Gene functions are generally accepted to be associated with mRNA decay (Bernstein et al. 2002) and expression level (Barry et al. 2005; Lukk et al. 2010), which are partly regulated by the structural stability of mRNA (Kudla et al. 2009; Novikova et al. 2012; Tani et al. 2012; Zur and Tuller 2012). Thus, the difference in HSR density among gene categories might be an artifact arising from the difference in mRNA decay or expression level. To rule out this possibility, we calculated the correlations between HSR density, protein abundance, and mRNA half-life. The results showed that there was no significant correlation between HSR density and protein abundance (Spearman correlation, R = 0.016, N = 1,543, P = 0.52), as well as between HSR density and mRNA half-life (Spearman correlation, R = 0.03, N = 2,552, P = 0.11). Moreover, we extracted genes with expression levels at top 30% and bottom 30%. HSR densities of the two groups were compared, and again no significant difference was found (3.74 at top, 3.67 at bottom, N = 462, P = 0.56). These results indicated that the difference in HSR density among gene categories was not connected with the variation in protein abundance and mRNA decay.

Discussion

By surveying secondary structures in various genomes, previous studies have revealed that a large number of genomes are being transcribed to produce mRNAs that generally contain local secondary structures (Katz and Burge 2003; Meyer and Miklós 2005; Kertesz et al. 2010). Most studies focused on the structural conservation of functional elements. In this study, however, we showed that not all functional elements within mRNAs were structurally conserved. The elements might maintain high structural stability rather than structural specificity during evolution. This finding led us to survey other regions with high structural stability. As expected, we found that CDSs exhibited substantially high HSR levels compared with the control. In particular, we found that HSRs tended to be located in the 5′ or 3′ coding region, which was consistent with the findings of Tuller et al. (2011). In addition, previous studies have shown that there is a universally reduced structural stability near the start codon (Gu et al. 2010). However, our results suggested that a few genes (∼6%, fig. 4) still maintained higher structural stability in this region during evolution, and that these genes might be under selection for low initiation efficiency.
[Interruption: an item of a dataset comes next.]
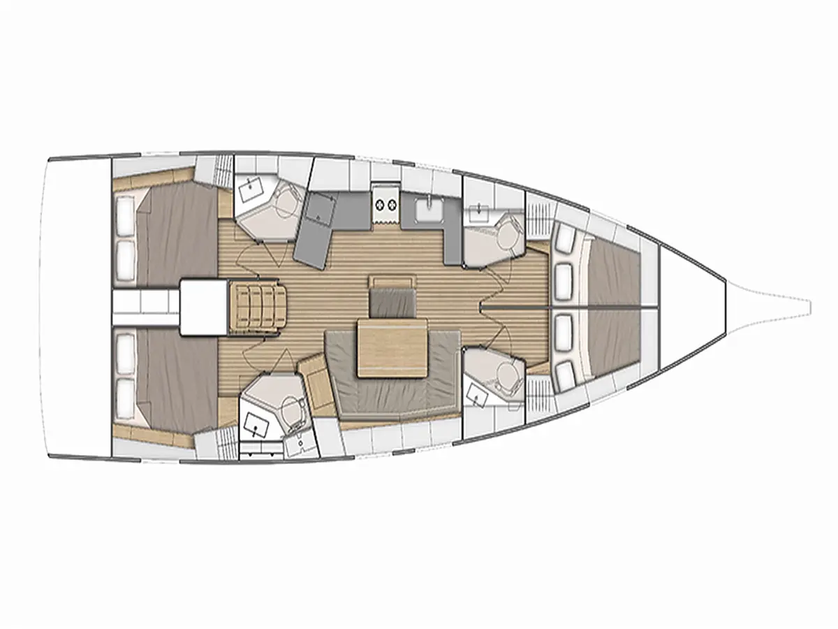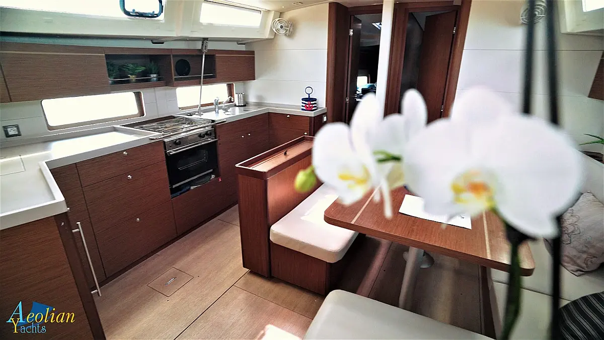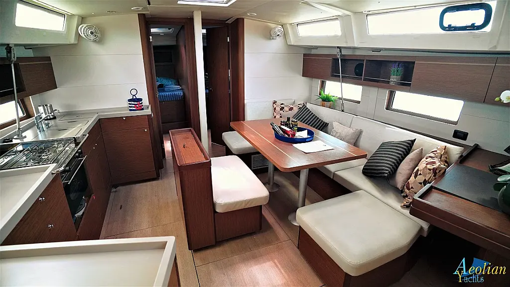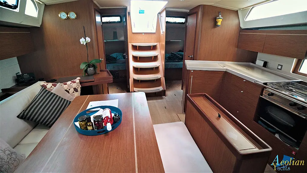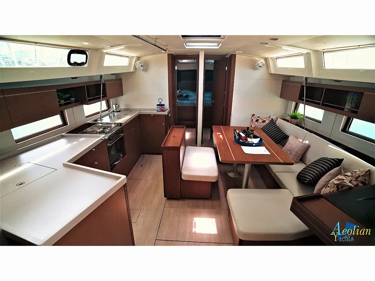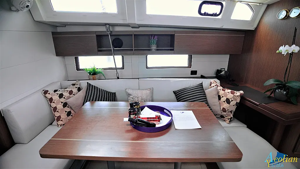 Nevera, Máquina de hielo, Desalinizadora, Altavoces exteriores, WC eléctrico, Cafetera, Embarcación auxiliar, Teak Cockpit, Winches eléctricos, Capota antirociones, Aire acondicionado, Generador

Although we defined HSRs using low z-score value, it did not ensure that there is a direct selective constraint imposed on HSRs to retain high structural stability. Thus, we calculated the SCR of HSRs. Our results indicated that HSRs were not the by-product of selection for other factors and HSRs might be functional. This result led us to investigate the correlation between the number of HSRs and gene functions. GO analysis showed that genes with similar HSR density tended to be enriched in the same biological processes. We also found that essential genes showed higher HSR density than nonessential genes. Furthermore, we have ascertained that these results remained unchanged under various controls, in various organisms (supplementary figs. S4–S9, Supplementary Material online). Additionally, the results still held even after excluding the HSRs that contained the conserved secondary structures (supplementary fig. S10, Supplementary Material online).
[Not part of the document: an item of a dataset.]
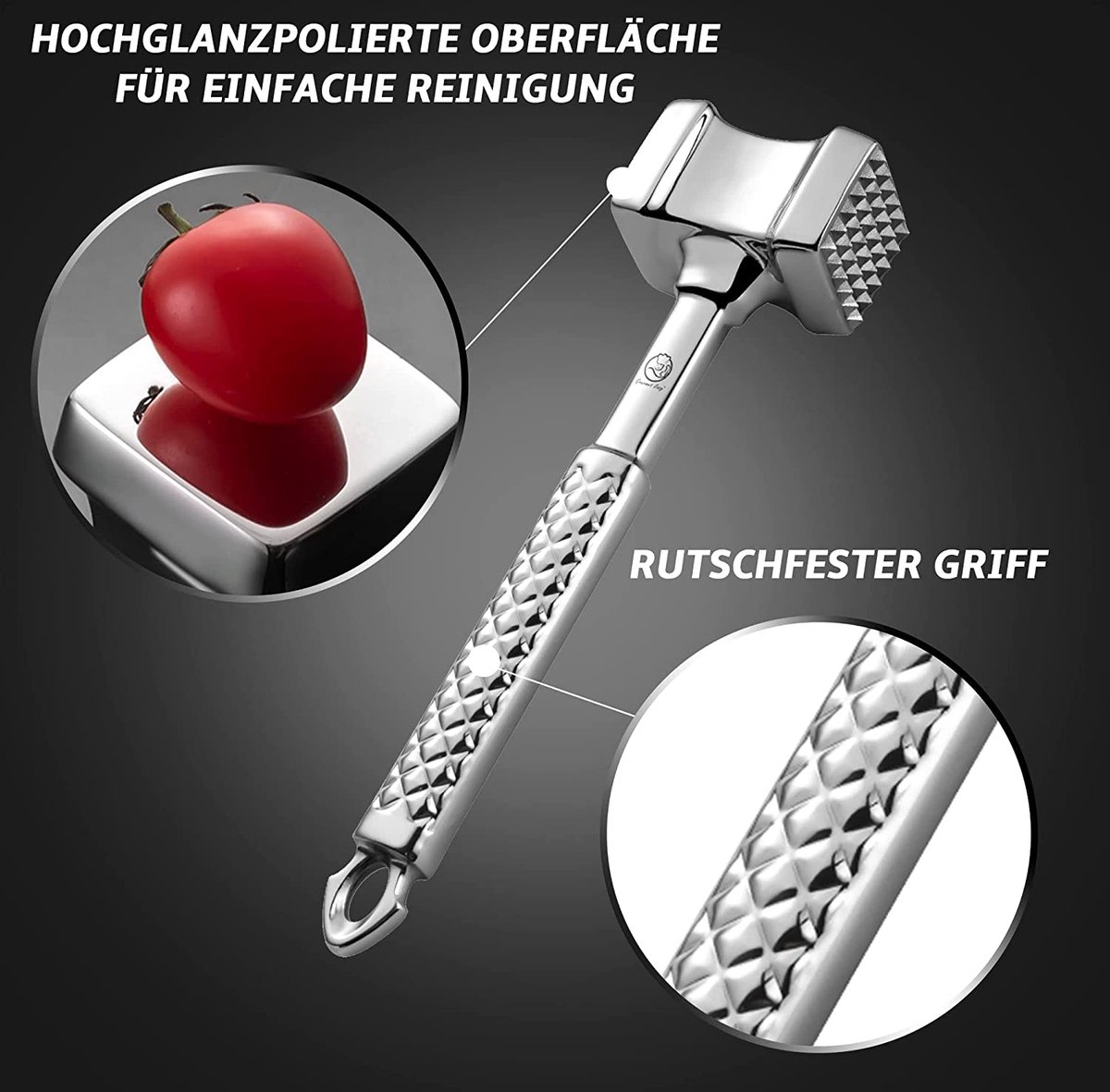 Marteau-maillet pour attendrisseur de viande - il est facile à et l'anneau sur la poignée peut être accroché facilement, pelle à piler la viande Marteau Cuisine Marteau à Viande, Attendrisseur De Viande Très Résistant, Marteau à Marteau à Viande Acier Inoxydable Le forfait comprend 1 x marteau attendrisseur de viande Caractéristiques - Couleur : Attendrisseur à viande en acier inoxydable argenté - Matériau : Aiguilles à viande en vrac en acier. Vovoly Attendrisseur de viande avec 24 laes ultra tranchantes en acier... maillet de cuisine Après l'attendrissement, la viande bat uniformément et le produit plus de saveur, meilleur goût. Maillet à viande en acier inoxydable - un côté est plat, adapté à l'expansion de la viande, rendant la viande plus fine, marteau à steak lâche L'ingrédient surprenant pour mariner et attendrir vos viandes - en plus... Idéal pour attaquer les fibres musculaires de la viande et de la volaille, il attendrit efficacement la viande sans déchirer la chair. - Taille : 3 x 3 x 18 cm pelle à viande. Attendrisseur de viande multi-faces - l'autre côté a de nombreux clous de marteau parfaits pour combattre les fibres musculaires de la viande et de la volaille, attendrir efficacement la viande sans déchirer la chair, outil attendrisseur de viande Ciieeo Marteau attendrisseur de viande double face en acier robuste L'autre côté est doté de nombreux clous. Maillet pour attendrir la viande - il est conçu pour desserrer les fibres de la viande et rendre la viande plus douce et plus délicieuse, attendrisseur de maillet à viande

We further showed that the number variation of HSRs was not connected with protein abundance and mRNA decay. Our result seemly contradicted the findings in previous study that reported a positive correlation between the structural stability of mRNA and protein abundance (Zur and Tuller 2012). To explain this difference, we calculated the correlation between the mean structural stability of CDSs and protein abundance. Indeed, we found a weak but significant correlation (R = −0.08, N = 1,543, P < 0.001), which was consistent with the claim that genes with high structural stability had high protein abundance (Zur and Tuller 2012). However, HSRs were small regions on mRNA (that is, the regions covered by all HSRs of a CDS were ∼30%, on average), and more than 94% HSRs were located in the regions downstream of the 90 nt (fig. 4). Thus, the number variation of HSRs might affect local elongation efficiency but had weak effect on whole translation efficiency. Moreover, we focused on prokaryotes and investigated the correlation between the number of HSRs and protein abundance, which is different from the Zur’s work.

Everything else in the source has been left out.